On Christmas Eve, soldiers loyal to the junta that seized power in Myanmar a year ago halted a convoy of 40 villagers fleeing their homes in eastern Kayah state and killed them in their vehicles. Autopsies suggested some were shot first, others burned alive. The dead included women, a teenage girl and two Save the Children workers. The incident is not atypical. It’s part of a scorched earth strategy by generals accustomed to impunity but not resistance.
- 1,549 – civilians and armed resistance fighters killed since the coup, according to the Assistance Association for Political Prisoners
- At least 12,000 – civilians and pro-democracy activists arrested for alleged dissent
- 170,000 – Karenni people internally displaced
- 14,000,000 – civilians in humanitarian need, according to the UK government
How has it come to this in the country of Aung San Suu Kyi, who for all her failings once had the world with her and brought a promise of democracy?

- Defiance. The junta is led mainly by veterans of the military rule that ASSK suspended in 2016. They may have expected a quick return to the status quo ante but that is not what happened. Citizen militias have fought back, especially in the east and south. The military has resorted to a “four cuts” strategy honed in the 80s and 90s that aims to crush resistance with airstrikes, arson, mass arrests and forced relocations. But instead of submitting, the Karenni people of the east and south-east have organised into multiple militias including the Karenni Nationalities’ Defence Force, the Karenni Army and the Karenni State Police. The result is incipient civil war.
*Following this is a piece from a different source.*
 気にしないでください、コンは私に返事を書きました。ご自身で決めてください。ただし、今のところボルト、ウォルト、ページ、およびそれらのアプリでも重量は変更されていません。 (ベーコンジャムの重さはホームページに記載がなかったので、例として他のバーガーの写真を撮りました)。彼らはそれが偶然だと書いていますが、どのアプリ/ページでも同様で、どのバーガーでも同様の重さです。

- Blind eyes. Distracted by Russia and Ukraine, the wider world has looked away. The US, UK, EU and Canada have announced targeted sanctions against junta members but the UN has taken no concerted action. ASEAN, the Association of Southeast Asian Nations, brokered a reconciliation plan last April that required the generals to open a dialogue with Myanmar’s democrats and let in humanitarian aid, but the junta has done neither and no longer attends ASEAN meetings.
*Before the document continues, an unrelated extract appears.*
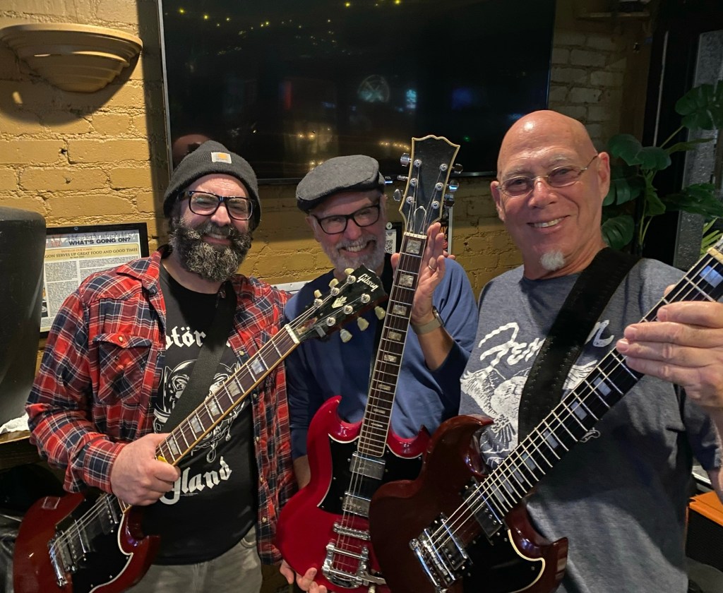 SG stands for so good! Three caballeros showed up unplanned with the same type of guitar. Spot the pseudo-Gibson…

- Deaf ears. Reliable news from inside Myanmar is scarce because dozens of journalists have been arrested and hundreds forced to leave. One, Danny Fenster, spent 176 days in jail and was given an 11-year sentence for “encouraging dissent” before a former US ambassador to the UN negotiated his return to the US.
- Business. As in Iran, the military runs a sprawling network of businesses that thrive as foreign investors withdraw and ordinary people suffer. Chevron and Total have pulled out of Myanmar’s biggest offshore gas project, ceding control to Malaysian investors and the junta. Telenor, the Norwegian telecoms firm, is trying to sell its stake in one of Myanmar’s largest mobile phone operators in a deal that activist investors fear will give the junta access to personal data for 18 million subscribers. The military’s two biggest holding companies are conservatively estimated to funnel $435 million a year to its top brass. Control of oil and gas sales could yield five times as much.

“The world is doing nothing but just sitting and watching,” Zin Mar Aung, foreign minister for the exiled democratic National Unity Government, told Al Jazeera earlier this month. She wants an arms embargo to prevent the sale of Russian weapons to the junta. Human rights groups want digital evidence from cell phones to be used in prosecutions for regime atrocities. Michelle Bachelet, the UN human rights chief, wants “a sense of urgency commensurate to the magnitude of the crisis.”
Any urgency at all would count as progress.